Our editor, Laura Hughes, discusses the clinical trial processes for drugs and devices.
Getting a medical device to market is a time-consuming and challenging task. Following classification of the device, a Notified Body (NB) of any European state examines the application to ensure compliance with European regulations and awards the CE mark for the device to be marketed within Europe where possible.
However, gender bias often exists within clinical trials according to a scientific article published within the Pharmacy Practice journal. In fact, the National Women’s Health Network (NWHN), a consumer activists group, has long advocated for the greater participation of women and other key groups in clinical trials for all drugs and devices – particularly those which are to be marketed and used predominantly by women.
Previously women were excluded from clinical trials for reasons such as hormone fluctuations due to menstruation, as well as fears of including women who may become pregnant during clinical trials. However, we now know that the cells of men and women are very different and therefore reactions may differ for a drug or device within each gender.
In fact, it was only as recently as 1993 that the National Institute of Health (NIH) Revitalization Act was implemented. This regulation meant that women and minorities must be included in any clinical research funded by the NIH. However, trials run by drug companies did not have to follow this regulation. Shortly after this, in 1998, the Food and Drug Administration (FDA) brought out a regulation stating that new drug applications must present safety and efficacy data by sex, and the demographics of participants in clinical trials must be included in innovative new annual drug reports.
With claims that in a study testing for female Viagra, 23 out of 25 participants were men, it is probably no surprise that many drugs have been withdrawn from the market after finding out that they are more harmful to women than men. We need to look as far back as animal research, where male animals are often used instead of female animals for testing drugs and devices.

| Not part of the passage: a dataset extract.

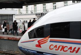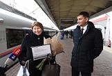 Встреча 40-миллионного пассажира поезда "Сапсан" на Ленинградском вокзале.

In terms of medical devices, the 510(k) clearance programme in the USA allows devices to get to market quicker – something that may not always be seen as an advantage e.g. in the case of the transvaginal mesh implants. In 2018 in the UK, the NHS announced the Accelerated Access Collaborative – a scheme to speed up the approval of five drugs or devices each year. However, it is important to note that although this speeds up NHS approval, it does not impact the standard regulatory approval times of drugs and devices.

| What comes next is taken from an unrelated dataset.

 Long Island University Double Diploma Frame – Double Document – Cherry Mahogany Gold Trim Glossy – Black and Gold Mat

A recent report by digital health company, Antidote, included results of findings from a survey of 4,000 patients and caregivers about their attitudes to clinical research. A key finding was that there is a real difference in the motivation between people of different races, regardless of their condition when choosing to volunteer for clinical research. As described above with the female gender, there is a clear misrepresentation of different races within clinical research. A paper published in the Journal of the National Medical Association highlighted the importance of this, as research has shown that there are significant differences among racial and ethnic groups in the metabolism, clinical effectiveness and side effect profiles of drugs.

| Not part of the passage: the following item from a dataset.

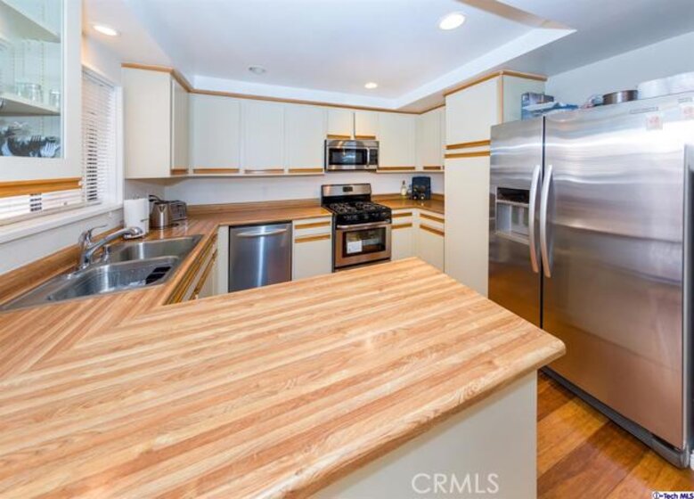 Beautiful condo in the heart of Downtown Burbank. This unit features 2 Bedrooms, 2 Bathrooms, 1,231 sq. ft. on one story and low HOA. Large and Bright Living/Dining rooms, Gas fireplace, Master Suite, Kitchen with stainless steel appliances, hardwood flooring, recessed lighting, both bedrooms are large with wall to wall closet, recessed lighting, ex-large patio great for entertaining, Newer HVAC, 2 side by side parking with 4 storage areas and close proximity to shopping, dining and movies.

Although I believe we have come a long way, there is still a huge amount more to be done for clinical trial participants to be considered a true representative of our population. Raising awareness through talking out about the issue is the best way for those who have the opportunity to change this to take notice. After all, a more equal representation of clinical trial participants, will hopefully ensure a safer drug or device for everyone, and not just those who make up the majority of clinical trial subjects.